* **Entries shown**
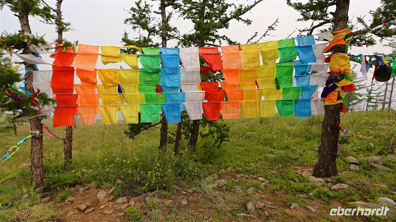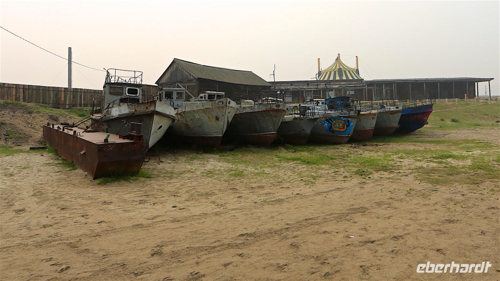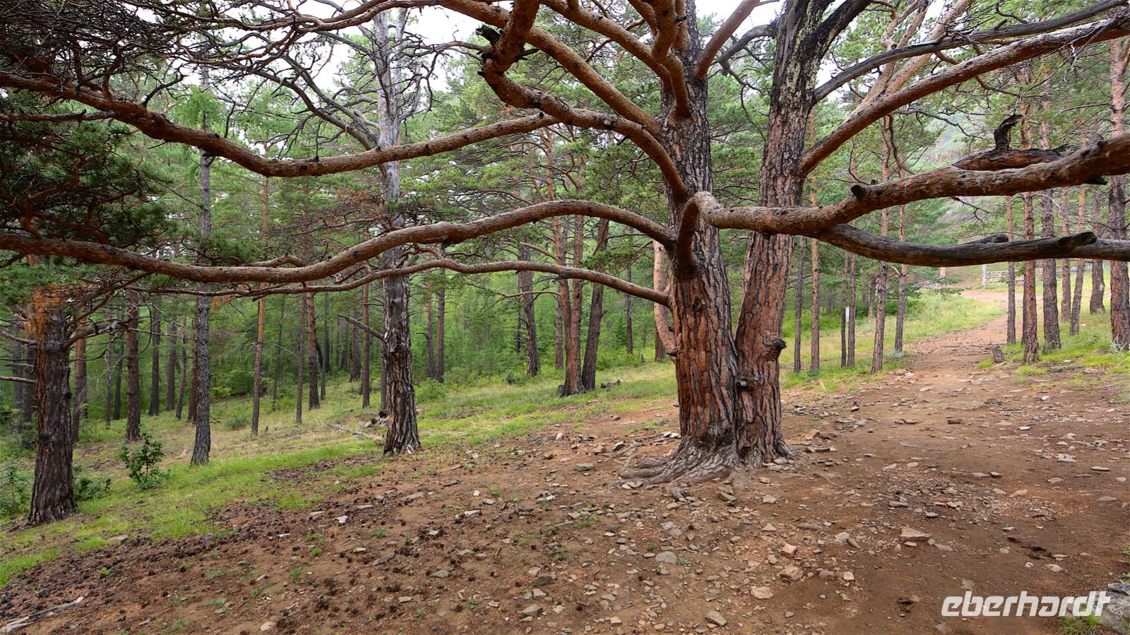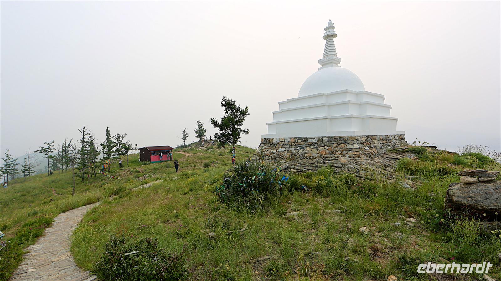 Die Insel Ogoj ist ein recht unscheinbares Eiland, eine buddhistische Stupa hat sie zum Wallfahrtsort und zur Touristenattraktion gemacht. Wir wollen uns heute davon überzeugen. Zwei Motor-Yachten bringen uns am Morgen vom Chuschirer Hafen dorthin. Etwa eine Stunde dauert die Fahrt. Zu sehen ist wieder nicht viel. Aber es ist trocken. Die Sonne müht sich, den Dunst zu durchbrechen, erfolglos. Eine Gruppe von uns entdeckt unterwegs einige Baikalrobben und beobachtet sie. Wir haben weniger Glück. Auf der Insel gehen wir den Hügel hinauf zur Stupa. Auf die 108 empfohlenen Umrundungen, sie versprechen wohl Erfüllung und Zufriedenheit, verzichten wir, aus Zeitgründen. Mit den Yachten fahren wir anschliessend zum Festland, wo wir uns auf Wanderung zur Heiligen Quelle des großen Olchoner Schamanen Chamnai-Boo begeben. Anschliessend gibt es zum Mittag am Freiluftsitz an der Landestelle Salat und gegrilltes Hühnchen, Blini und Tee, bevor uns die die Boote zurück nach Chuschir bringen. Bis zum Abendessen und danach nutzen wir die Zeit für eigene Entdeckungen im Dorf.
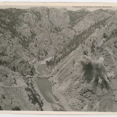 Update 1/2010: Black and white print. Snapshot. Image of blasting high on the rocky slope of a river canyon. Dust plumes from blast on right. Steep rocky and sparsely forested canyon walls. River running along bottom of canyon with frame bridge across at center. Buildings along left back of river.
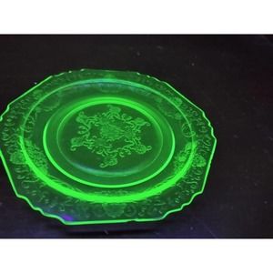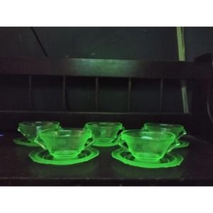 Florentine uranium glass soup bowls and saucers (set of 5)
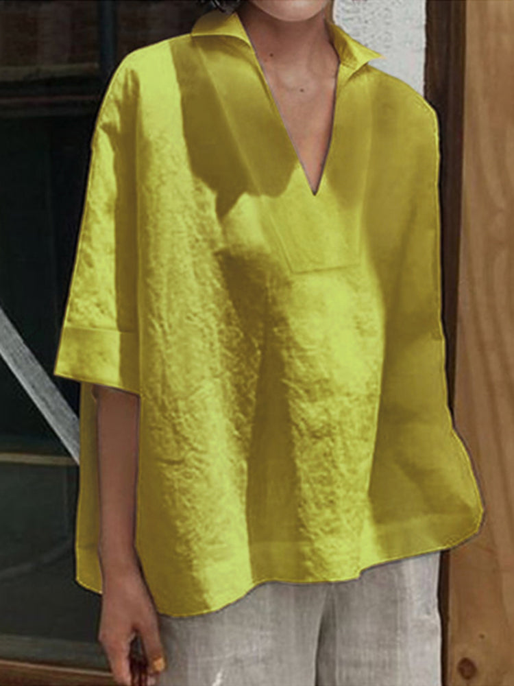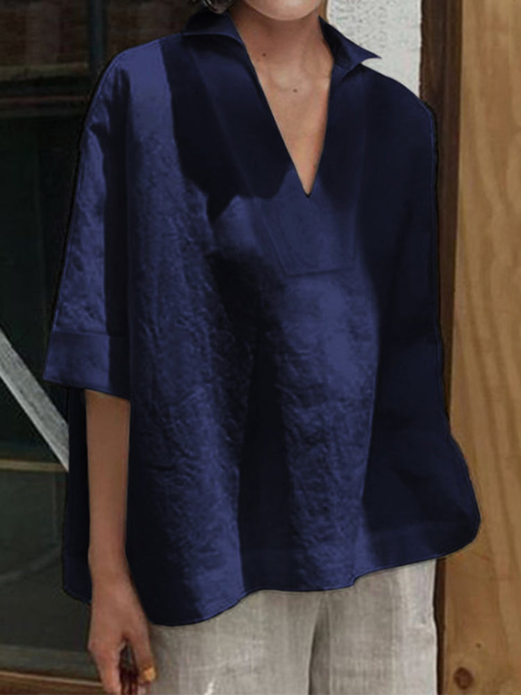 Women Casual Loose Pure Color 3/4 Sleeve V-Neck Blouse
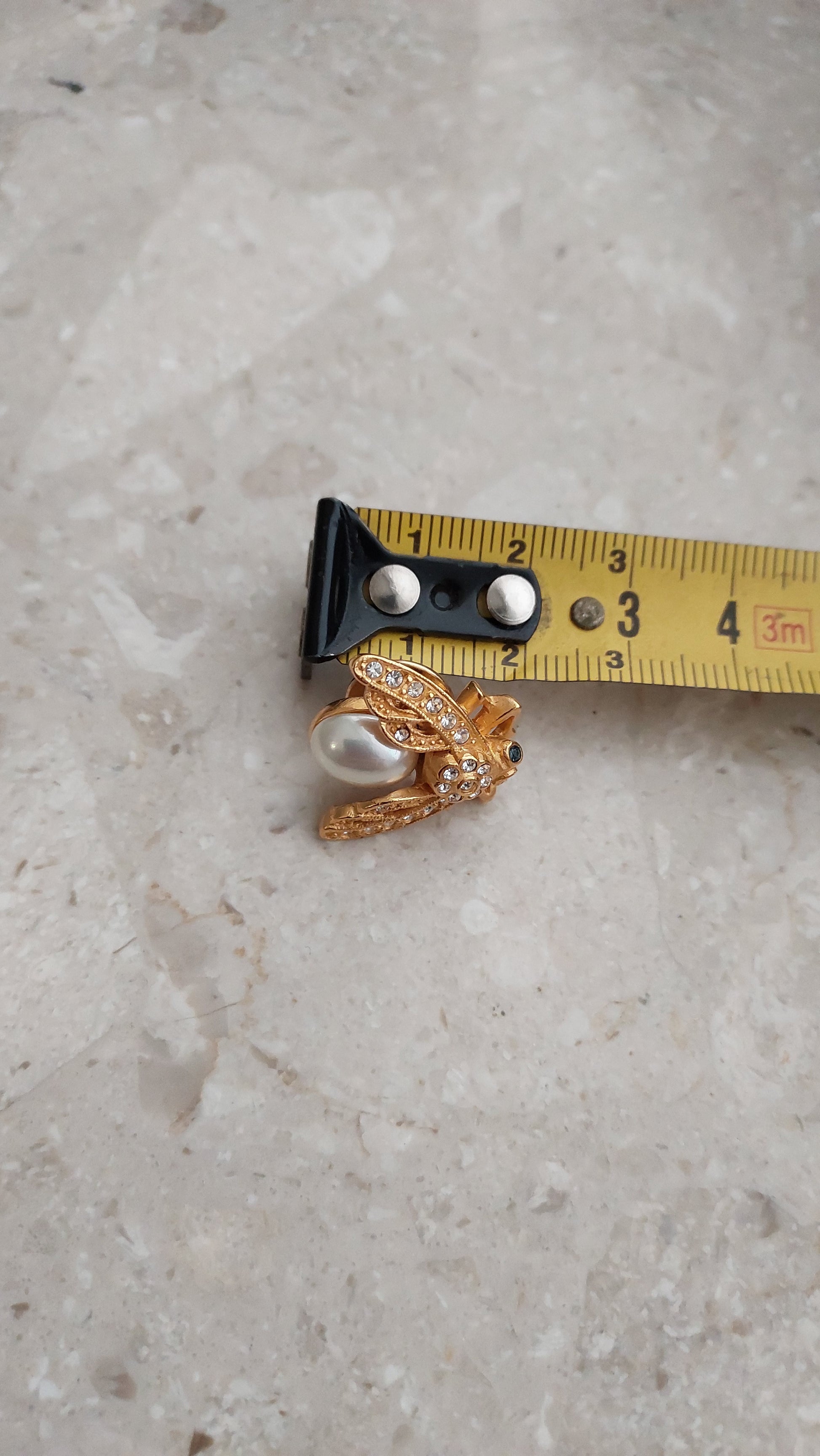 Wykonana w ciepłym, złocistym tonie i wysadzana przezroczystymi kryształkami, które nadają skrzydełkom i korpusowi subtelny blask.

* **Problem details**
The expected result is the complete listing above, printed exactly, with no pictures.

* **Your solution**
 Die Insel Ogoj ist ein recht unscheinbares Eiland, eine buddhistische Stupa hat sie zum Wallfahrtsort und zur Touristenattraktion gemacht. Wir wollen uns heute davon überzeugen. Zwei Motor-Yachten bringen uns am Morgen vom Chuschirer Hafen dorthin. Etwa eine Stunde dauert die Fahrt. Zu sehen ist wieder nicht viel. Aber es ist trocken. Die Sonne müht sich, den Dunst zu durchbrechen, erfolglos. Eine Gruppe von uns entdeckt unterwegs einige Baikalrobben und beobachtet sie. Wir haben weniger Glück. Auf der Insel gehen wir den Hügel hinauf zur Stupa. Auf die 108 empfohlenen Umrundungen, sie versprechen wohl Erfüllung und Zufriedenheit, verzichten wir, aus Zeitgründen. Mit den Yachten fahren wir anschliessend zum Festland, wo wir uns auf Wanderung zur Heiligen Quelle des großen Olchoner Schamanen Chamnai-Boo begeben. Anschliessend gibt es zum Mittag am Freiluftsitz an der Landestelle Salat und gegrilltes Hühnchen, Blini und Tee, bevor uns die die Boote zurück nach Chuschir bringen. Bis zum Abendessen und danach nutzen wir die Zeit für eigene Entdeckungen im Dorf.
 Update 1/2010: Black and white print. Snapshot. Image of blasting high on the rocky slope of a river canyon. Dust plumes from blast on right. Steep rocky and sparsely forested canyon walls. River running along bottom of canyon with frame bridge across at center. Buildings along left back of river.
 Florentine uranium glass soup bowls and saucers (set of 5)
 Women Casual Loose Pure Color 3/4 Sleeve V-Neck Blouse
 Wykonana w ciepłym, złocistym tonie i wysadzana przezroczystymi kryształkami, które nadają skrzydełkom i korpusowi subtelny blask.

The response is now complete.